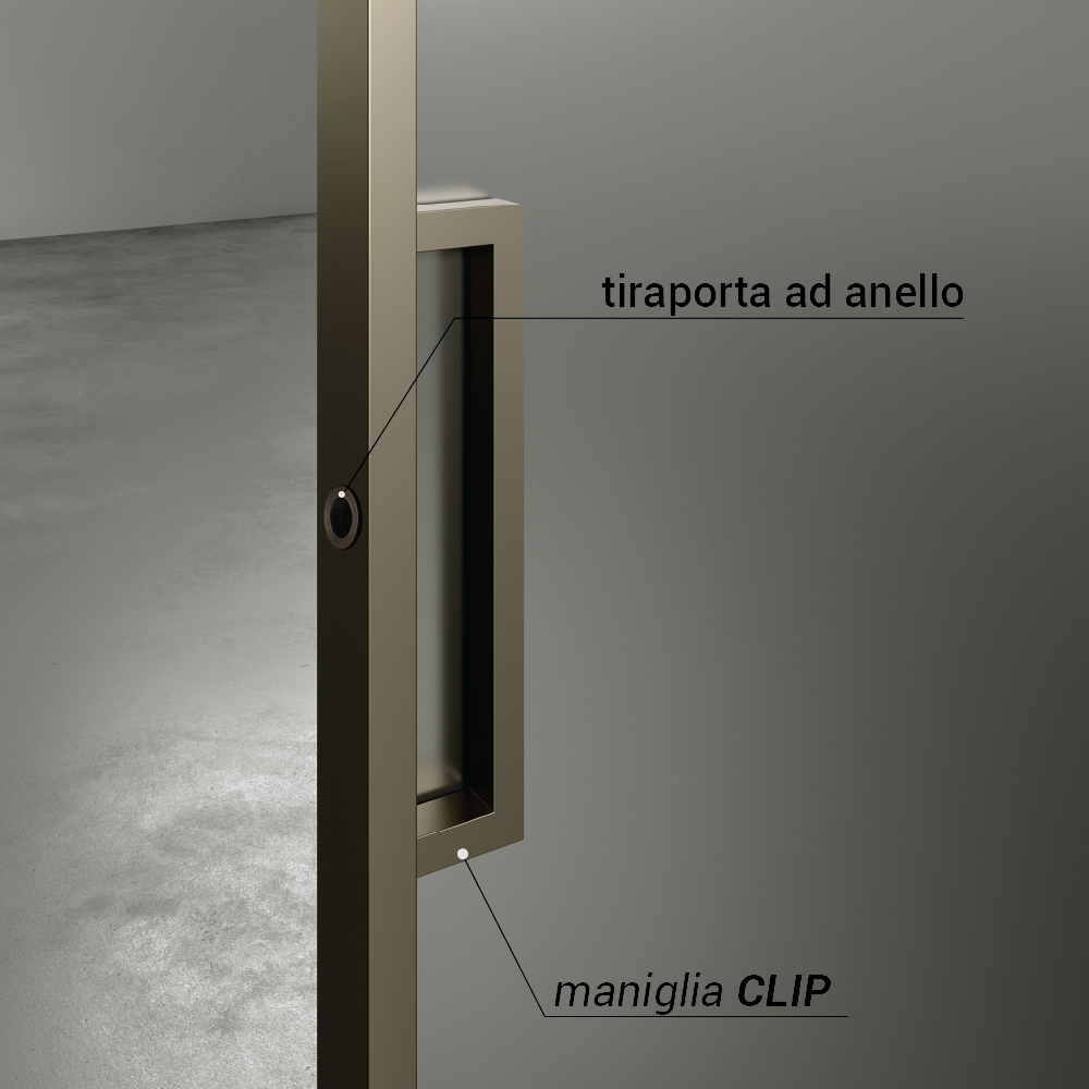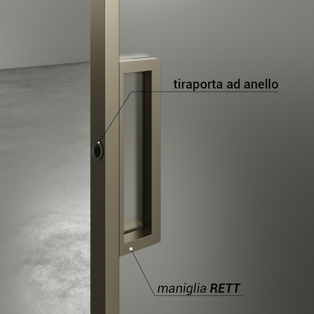 Maniglie, adattatori maniglia nonché relativi accessori (es. nottolini) sia per porte a battente che scorrevoli, sono realizzati in alluminio della stessa lega dei profilati della porta al fine di ottenere le stesse finiture.
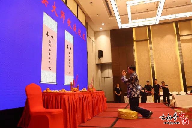 新入门弟子弟子依次递拜师帖、敬拜师茶,王西安大师为众弟子颁发传承书、批弟子服
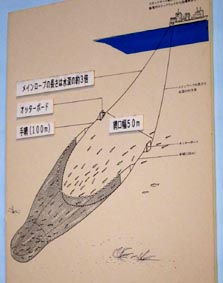 網の長さはおおよそ100メートル、網の両端にはオッターボードと呼ばれる大きな板がついている。この板の傾きで網口の広がり 具合を調節する。また網口にはネットゾンデという音波発信装置が備えられ、網の状態や網に入る魚の様子を常に監視している。」 [拡大画像: x26526.jpg][拡大画像: x26521.jpg: 説明書き「オッターボード(トロール網拡網板)」]
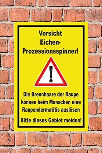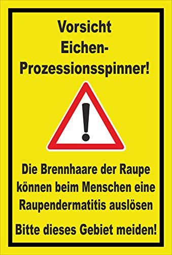 Text des Schildes: Augenmerk Eichenprozessionsspinner – Die Brennhaare der Raupe können beim Menschen eine Raupendermatitis auslösen – Bitte dieses Kommando meiden
**********
• **What the exercise asks**: Omit the pictures, then repeat exactly each line from the beginning of the listing through the line with "新入门弟子弟子依次递拜师帖、敬拜师茶,王西安大师为众弟子颁发传承书、批弟子服".

• **Exercise result**:
 Maniglie, adattatori maniglia nonché relativi accessori (es. nottolini) sia per porte a battente che scorrevoli, sono realizzati in alluminio della stessa lega dei profilati della porta al fine di ottenere le stesse finiture.
 新入门弟子弟子依次递拜师帖、敬拜师茶,王西安大师为众弟子颁发传承书、批弟子服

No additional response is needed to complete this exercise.